◆ TASK ◆
Take the line with "AK Homberg a." as the first and the last line of the data as the end. Write out both and every line between exactly, except pictures.

(Beginning of RAW DATA)

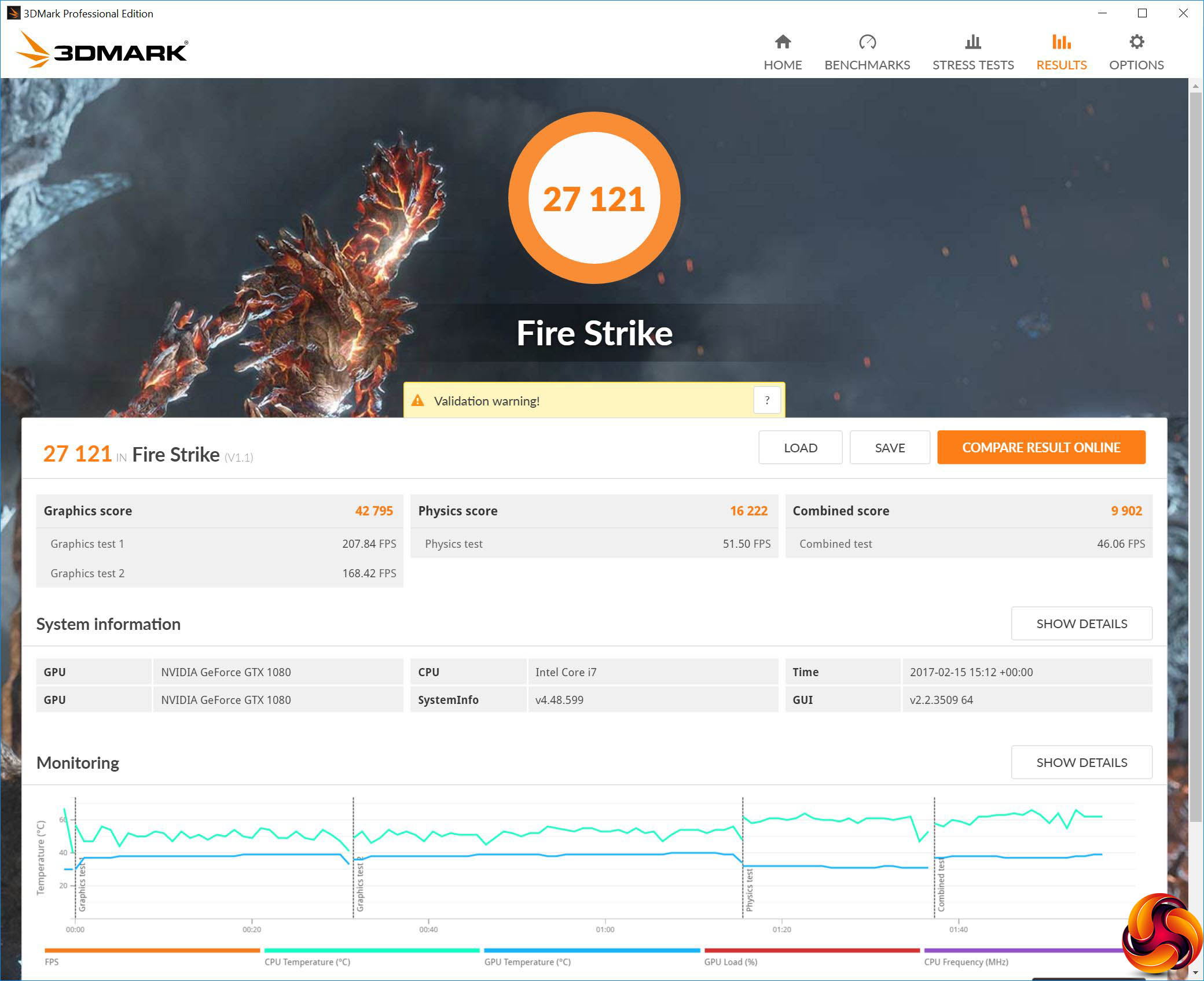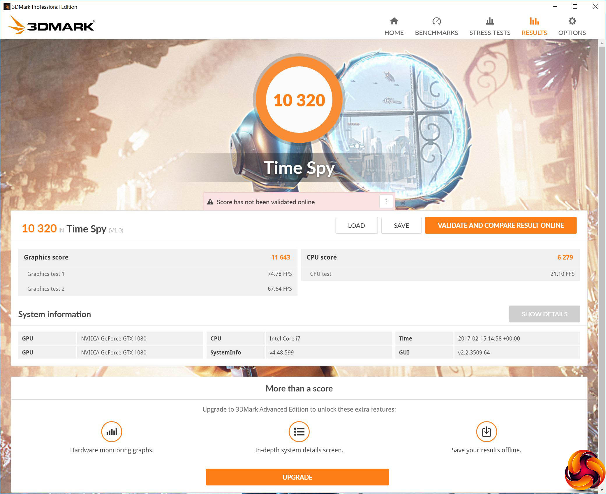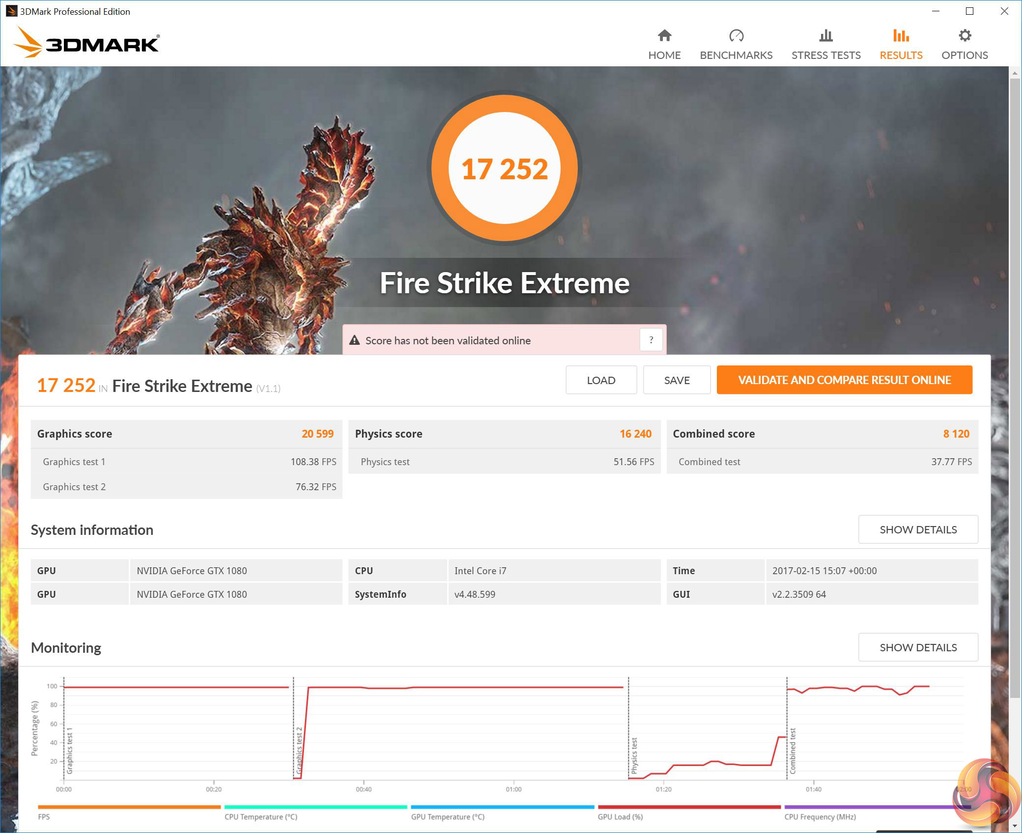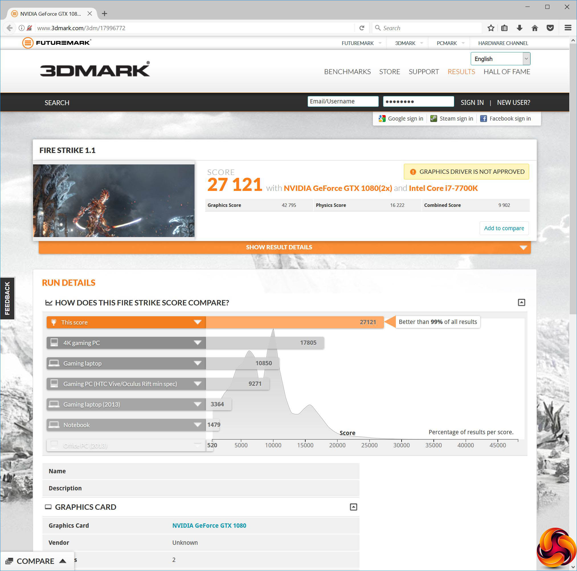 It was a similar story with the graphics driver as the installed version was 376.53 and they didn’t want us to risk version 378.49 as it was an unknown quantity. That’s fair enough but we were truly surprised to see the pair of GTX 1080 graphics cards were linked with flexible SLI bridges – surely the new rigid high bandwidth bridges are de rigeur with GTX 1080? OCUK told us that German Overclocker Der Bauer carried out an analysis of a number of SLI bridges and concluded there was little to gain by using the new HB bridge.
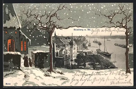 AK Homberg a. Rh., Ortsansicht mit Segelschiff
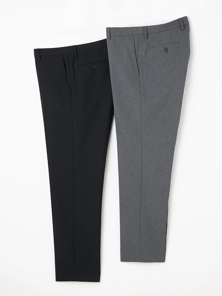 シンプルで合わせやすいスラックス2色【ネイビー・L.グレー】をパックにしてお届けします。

(End of RAW DATA)

◆ THE COMPLETED TASK ◆
 AK Homberg a. Rh., Ortsansicht mit Segelschiff
 シンプルで合わせやすいスラックス2色【ネイビー・L.グレー】をパックにしてお届けします。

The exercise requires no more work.